Below is a listing; restate from it, character for character, the lines beginning at the line holding "49 м² · Этаж 14 из 17" and ending at the line holding "Kulturni centar Sokobanja", both included.

* RECORDS PROVIDED *
----
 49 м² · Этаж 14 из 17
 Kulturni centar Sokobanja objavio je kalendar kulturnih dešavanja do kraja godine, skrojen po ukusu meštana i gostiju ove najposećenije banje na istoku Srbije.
----
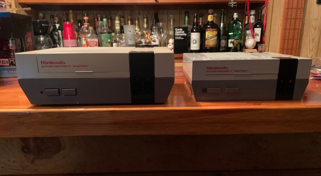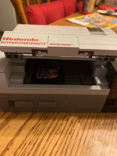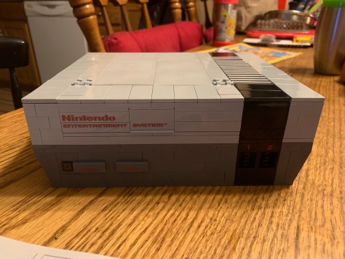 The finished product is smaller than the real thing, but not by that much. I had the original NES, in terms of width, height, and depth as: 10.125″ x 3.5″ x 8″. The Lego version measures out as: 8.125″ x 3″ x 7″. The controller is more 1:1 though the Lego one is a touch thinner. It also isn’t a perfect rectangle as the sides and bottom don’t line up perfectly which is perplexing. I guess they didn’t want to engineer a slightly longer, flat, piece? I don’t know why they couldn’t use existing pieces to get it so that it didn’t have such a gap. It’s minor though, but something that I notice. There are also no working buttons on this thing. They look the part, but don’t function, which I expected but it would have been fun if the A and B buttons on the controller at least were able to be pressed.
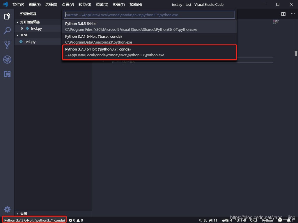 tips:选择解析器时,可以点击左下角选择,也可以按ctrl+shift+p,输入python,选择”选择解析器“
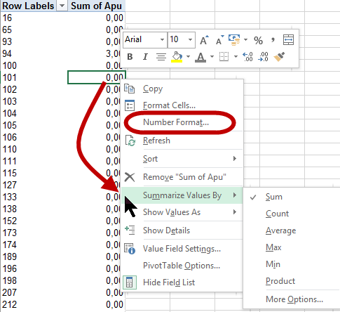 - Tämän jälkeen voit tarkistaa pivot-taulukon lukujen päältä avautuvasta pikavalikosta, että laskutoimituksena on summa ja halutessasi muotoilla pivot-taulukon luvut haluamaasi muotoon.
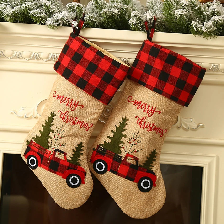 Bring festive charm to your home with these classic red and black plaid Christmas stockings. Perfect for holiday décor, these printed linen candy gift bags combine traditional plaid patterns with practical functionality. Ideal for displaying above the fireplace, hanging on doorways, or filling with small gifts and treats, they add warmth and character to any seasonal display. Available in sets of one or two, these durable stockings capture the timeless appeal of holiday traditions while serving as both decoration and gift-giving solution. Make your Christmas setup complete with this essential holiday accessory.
----
* OUTPUT FOR THIS EXERCISE *
 49 м² · Этаж 14 из 17
 Kulturni centar Sokobanja objavio je kalendar kulturnih dešavanja do kraja godine, skrojen po ukusu meštana i gostiju ove najposećenije banje na istoku Srbije.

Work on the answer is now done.